• [Aim of the exercise]:
The data below contains pictures, which are to be skipped; the lines starting at the line with "中國鋼鐵產(chǎn)能占全" and ending at the line with "Nous commencerons par" are to be output exactly, both ends included.

• [Data for the task]:
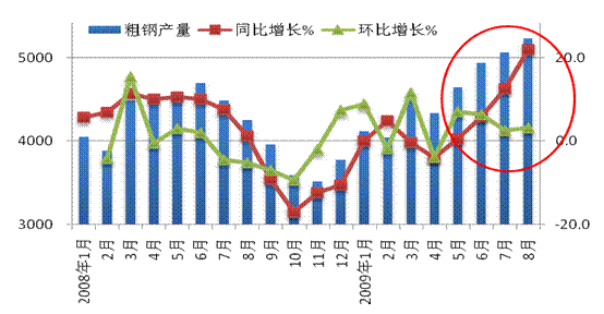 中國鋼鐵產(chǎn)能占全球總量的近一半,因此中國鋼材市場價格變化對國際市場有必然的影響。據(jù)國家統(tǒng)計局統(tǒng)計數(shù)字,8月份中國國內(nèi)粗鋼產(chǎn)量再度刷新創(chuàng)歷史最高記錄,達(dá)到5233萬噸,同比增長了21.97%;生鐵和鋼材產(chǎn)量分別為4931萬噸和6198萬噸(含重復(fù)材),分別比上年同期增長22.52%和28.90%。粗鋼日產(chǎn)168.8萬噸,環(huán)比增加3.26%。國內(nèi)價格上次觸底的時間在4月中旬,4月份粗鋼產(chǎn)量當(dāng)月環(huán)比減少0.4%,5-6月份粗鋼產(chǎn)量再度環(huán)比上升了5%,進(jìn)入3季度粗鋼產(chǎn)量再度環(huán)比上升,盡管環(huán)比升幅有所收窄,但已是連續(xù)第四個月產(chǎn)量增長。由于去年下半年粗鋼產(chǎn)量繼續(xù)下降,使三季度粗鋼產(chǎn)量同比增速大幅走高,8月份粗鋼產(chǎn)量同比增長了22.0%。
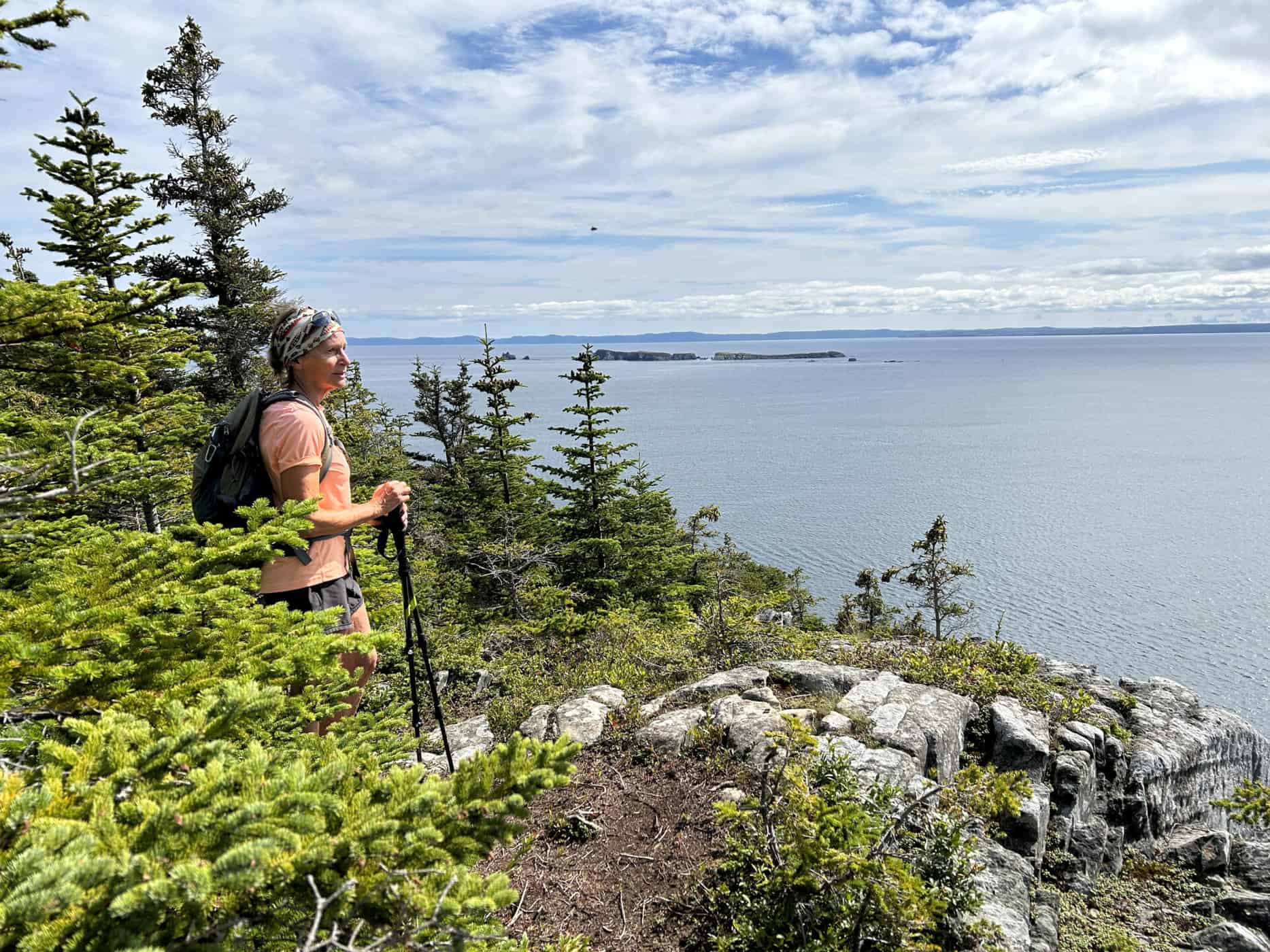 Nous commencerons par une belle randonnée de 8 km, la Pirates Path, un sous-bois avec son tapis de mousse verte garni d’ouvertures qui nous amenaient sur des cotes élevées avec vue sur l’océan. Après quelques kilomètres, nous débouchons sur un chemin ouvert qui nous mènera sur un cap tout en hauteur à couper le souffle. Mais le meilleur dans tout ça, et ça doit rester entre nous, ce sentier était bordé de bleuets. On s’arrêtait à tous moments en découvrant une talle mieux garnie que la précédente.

---

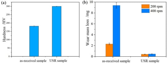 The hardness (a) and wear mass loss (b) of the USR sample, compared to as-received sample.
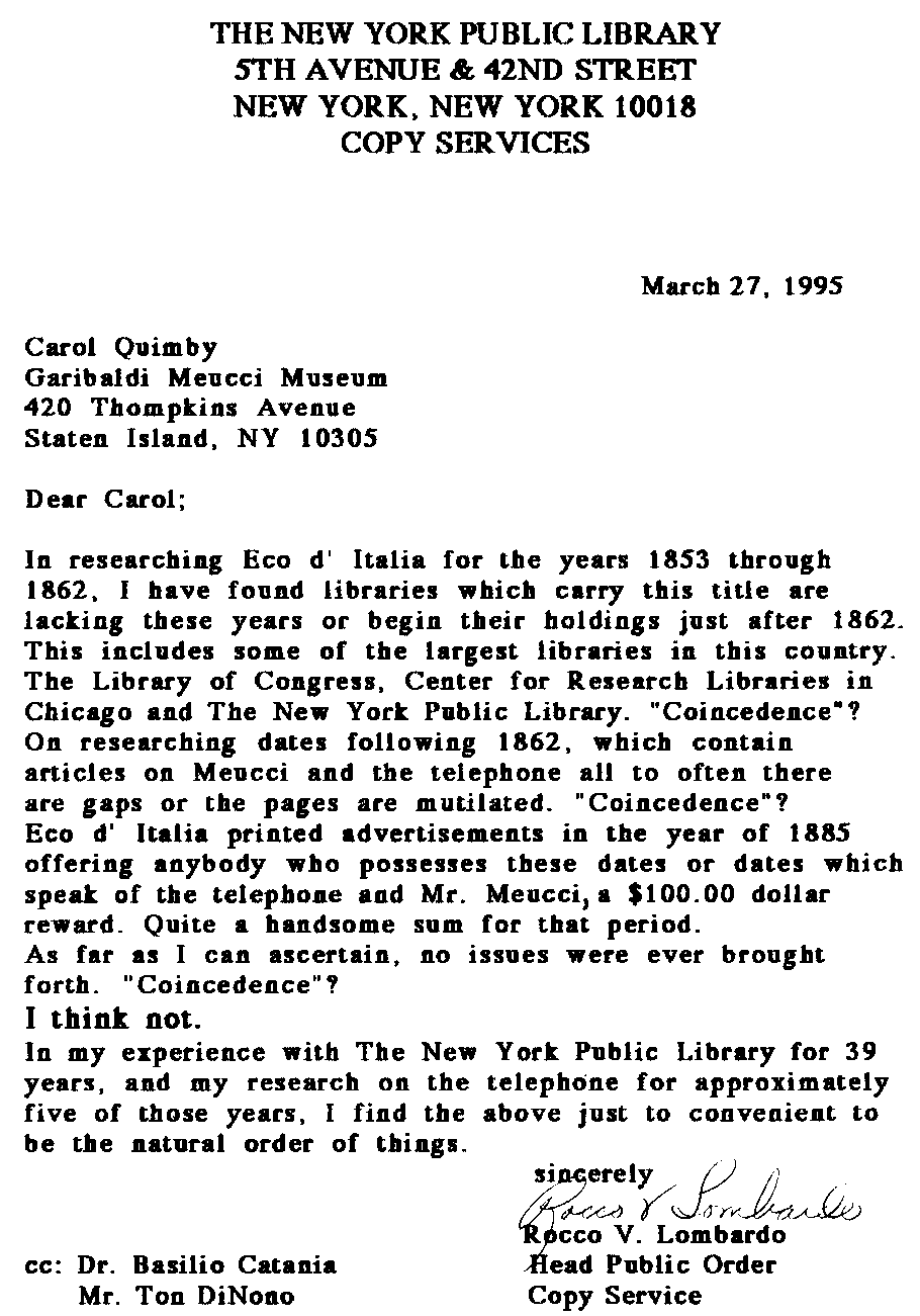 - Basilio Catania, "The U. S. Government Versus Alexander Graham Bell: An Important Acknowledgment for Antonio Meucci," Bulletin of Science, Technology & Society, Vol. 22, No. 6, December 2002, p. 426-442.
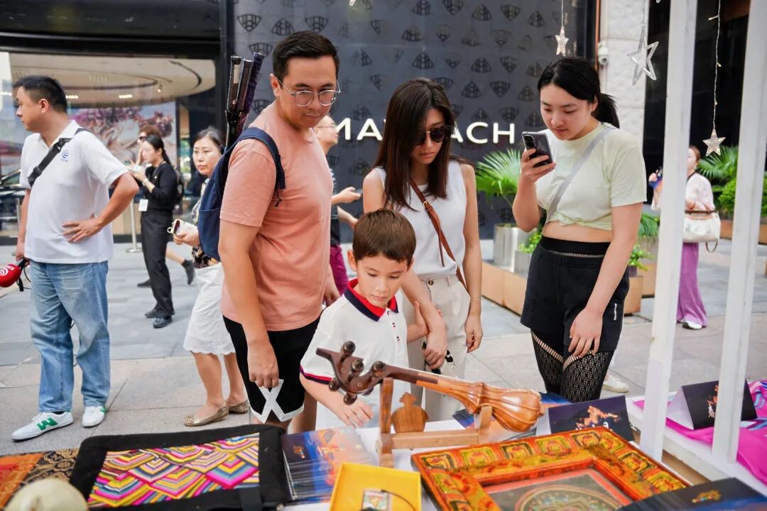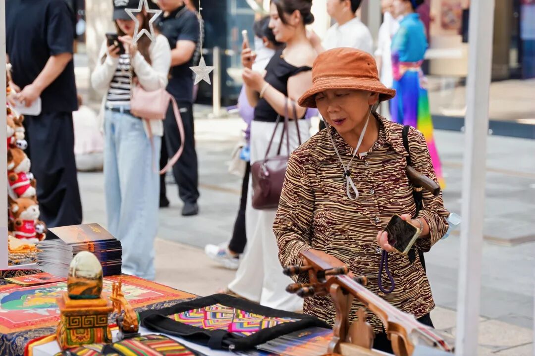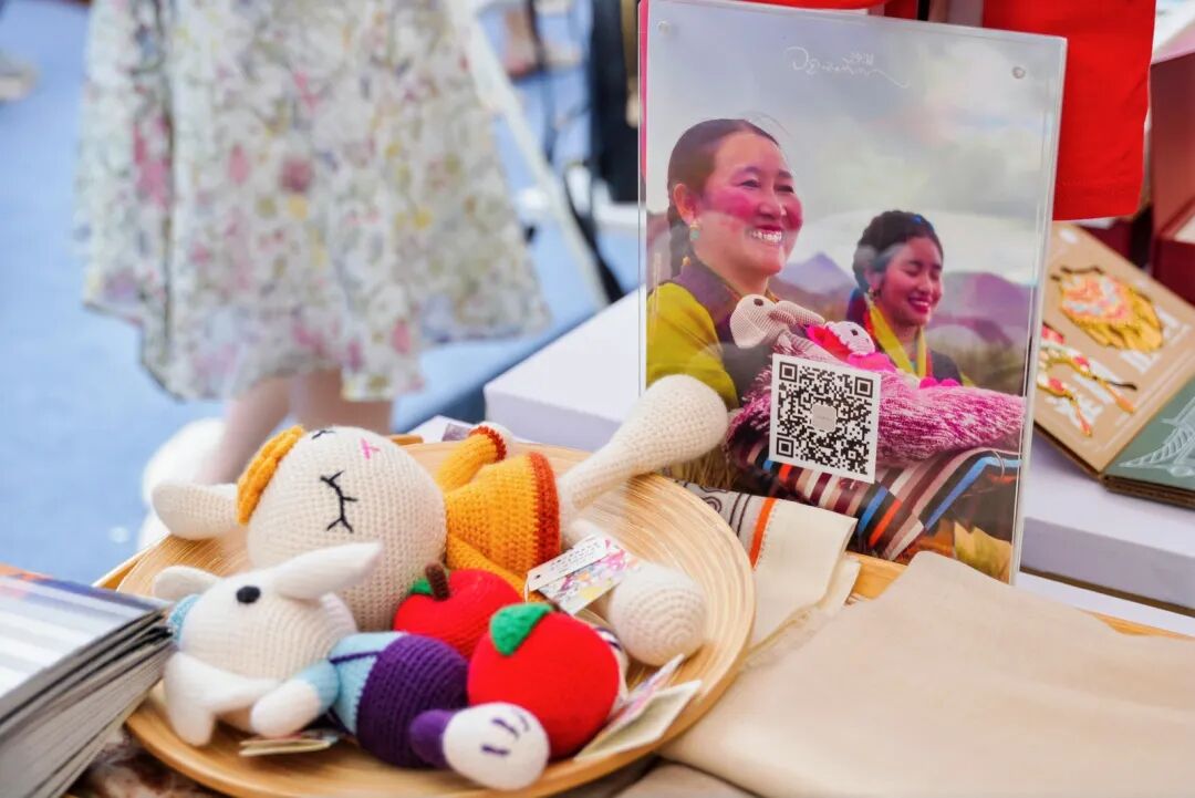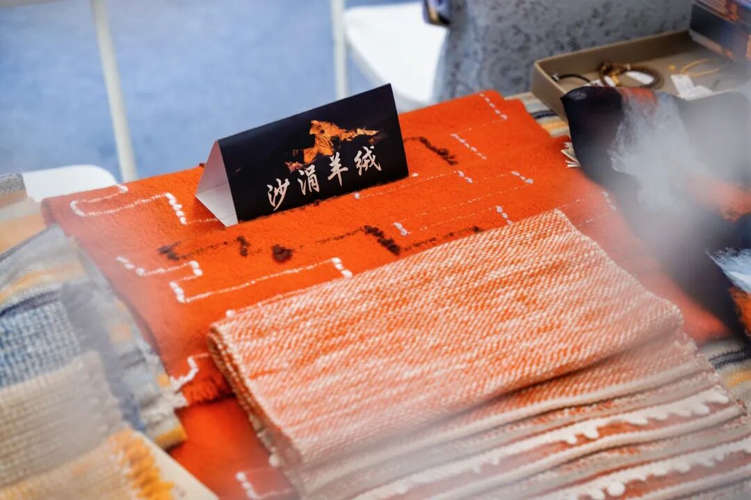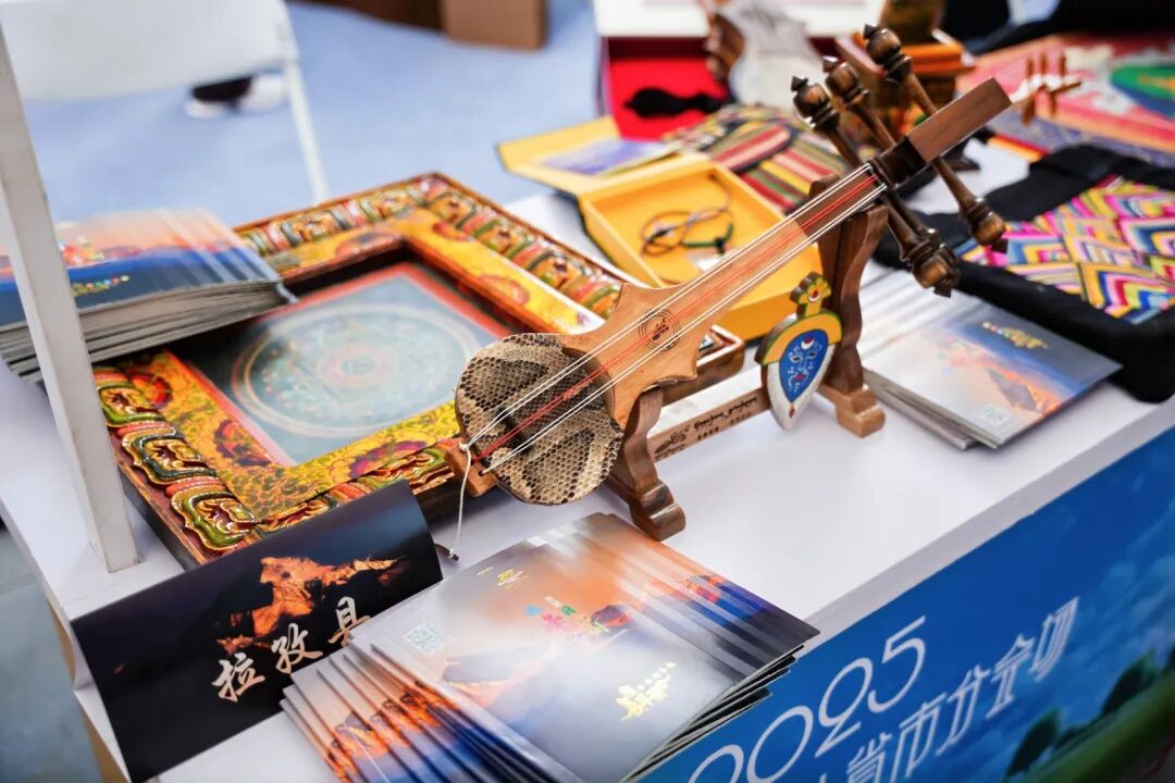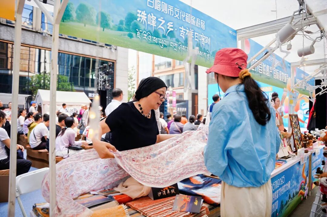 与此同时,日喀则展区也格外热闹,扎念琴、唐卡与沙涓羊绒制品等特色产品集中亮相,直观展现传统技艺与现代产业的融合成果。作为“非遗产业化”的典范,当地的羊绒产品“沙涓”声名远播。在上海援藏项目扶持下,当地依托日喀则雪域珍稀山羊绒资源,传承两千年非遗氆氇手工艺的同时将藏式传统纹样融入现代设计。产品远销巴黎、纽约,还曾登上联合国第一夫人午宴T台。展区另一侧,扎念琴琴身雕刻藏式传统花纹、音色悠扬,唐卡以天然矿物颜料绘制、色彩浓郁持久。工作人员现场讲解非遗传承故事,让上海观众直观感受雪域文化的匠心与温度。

• [Exercise solution]:
 中國鋼鐵產(chǎn)能占全球總量的近一半,因此中國鋼材市場價格變化對國際市場有必然的影響。據(jù)國家統(tǒng)計局統(tǒng)計數(shù)字,8月份中國國內(nèi)粗鋼產(chǎn)量再度刷新創(chuàng)歷史最高記錄,達(dá)到5233萬噸,同比增長了21.97%;生鐵和鋼材產(chǎn)量分別為4931萬噸和6198萬噸(含重復(fù)材),分別比上年同期增長22.52%和28.90%。粗鋼日產(chǎn)168.8萬噸,環(huán)比增加3.26%。國內(nèi)價格上次觸底的時間在4月中旬,4月份粗鋼產(chǎn)量當(dāng)月環(huán)比減少0.4%,5-6月份粗鋼產(chǎn)量再度環(huán)比上升了5%,進(jìn)入3季度粗鋼產(chǎn)量再度環(huán)比上升,盡管環(huán)比升幅有所收窄,但已是連續(xù)第四個月產(chǎn)量增長。由于去年下半年粗鋼產(chǎn)量繼續(xù)下降,使三季度粗鋼產(chǎn)量同比增速大幅走高,8月份粗鋼產(chǎn)量同比增長了22.0%。
 Nous commencerons par une belle randonnée de 8 km, la Pirates Path, un sous-bois avec son tapis de mousse verte garni d’ouvertures qui nous amenaient sur des cotes élevées avec vue sur l’océan. Après quelques kilomètres, nous débouchons sur un chemin ouvert qui nous mènera sur un cap tout en hauteur à couper le souffle. Mais le meilleur dans tout ça, et ça doit rester entre nous, ce sentier était bordé de bleuets. On s’arrêtait à tous moments en découvrant une talle mieux garnie que la précédente.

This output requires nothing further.